В церковь на отпевание девочек Марина Николаевна не пошла. Из церкви доносился теплый запах ладана. Марина Николаевна вспомнила, как говорила Женька: «А ты, Маринка, в церковь ходи, чтобы хотя бы вдыхать ладана. Я люблю ладан». Женька не так давно стала верующей, посещала службы и Маринку тянула. Но Марина Николаевна сопротивлялась, говорила, что не хочет стоять в церкви как дура.
В гробу Женька не изменилась, оставалась, как в жизни, по-доброму строгой и уверенной.
У могилы перешептывались про Гришку: «Жалко Гришку. Тяжело ему будет без Женьки. Она была ему и жена, и мать. Словно не овдовел, а осиротел. Посмотрите, как осунулся. Лица на нем нет. Держится, не плачет. Любили они друг друга. Да, идеальная была семья. Ничего, найдет кого-нибудь, еще не старый мужик. Конечно, найдет, но жалко ведь. Да, жалко».
Гришка неотрывно глядел в гроб. Марине Николаевне казалось, что Гришка, пока видит Женьку, видит ее как живую. Он поэтому и не плачет, что еще надеется. Марина Николаевна думала, что разлуку по-настоящему Гришка почувствует через месяц. Будет тяжело ходить, нежно улыбаться, смотреть без конца телевизор. Длинная Гришкина шея, некогда крепкая, сильная, красивая, теперь была как ветка дерева.
Женькины дети теперь напомнили Марине Николаевне ее собственных детей. Не маленькие, но все дети – растерянные и беззащитные.
Марина Николаевна вспомнила, что Женькина бабушка, баба Оля, двадцать пять лет отмаливала грех своего сына, Женькиного дяди, застрелившегося из охотничьего ружья молодым. Баба Оля постилась, подавала милостыню, помогала в церкви, молилась дни и ночи. Как-то промолвила: «Сынок освобожден от мучений» и вскоре умерла. А теперь (бабы Оли нет) кто будет отмаливать Женьку?
Марина Николаевна догадывалась, что через некоторое время Гришка (больше не сам, соглашаясь с резонами) попытается предложить ей сожительствовать как одинокой, лучшей Женькиной подруге. Марина Николаевна грустно ответит: «Не надо, Гришка. Причем здесь Женька? Женька – это Женька, а ты – это ты. А я – это я».
3. Женька
Иногда, помнила Марина Николаевна, они с Женькой рассуждали, как они по-разному преподают литературу. Они радовались, что преподавали литературу каждая по-своему, но при этом оба педагогических метода приносили свои результаты. Марина Николаевна тяготела к литературоведческому анализу, поэтике да стилистике. А Женька ценила в текстах борьбу добра со злом, нравственное начало, жизненную достоверность.
Учительницы шутливо переговаривались. Женька: «У тебя каждый год кто-нибудь из выпускников на гуманитария поступает. И не только девочки, но и мальчишки».
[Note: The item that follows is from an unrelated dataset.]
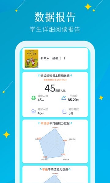 这个蜜蜂阅读教师端app真的很实用!老师可以轻松布置作业、跟踪学生阅读进度,还能和家长沟通。功能挺多的,比如数据报告能详细看到每个学生的阅读情况,随时随地发布语文作业也特别方便。最棒的是有多维度的数据分析,包括阅读字数、本数、测评分数等等,这样老师可以根据这些信息制定更有针对性的教学方案。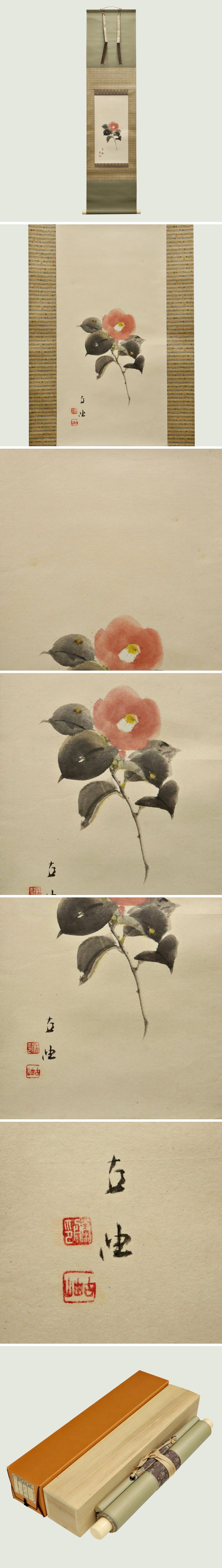 真作保証 佐藤古岫 椿図 紙本 箱 備後 掛軸 書画 骨董品 古美術品 1442sbzN 收藏

Марина Николаевна: «А у тебя полкласса все программные произведения читают».
Женька: «Твои писателей любят».
Марина Николаевна: «А твои – их книги. Не знаешь, что лучше».
Женька: «У тебя Цветаеву наизусть шпарят».
Марина Николаевна: «А у тебя Григорию Мелихову сочувствуют».
Женька: «У тебя детки умненькие».
Марина Николаевна: «А у тебя сердечные».
Женька: «Да брось ты! У тебя тоже сердечные».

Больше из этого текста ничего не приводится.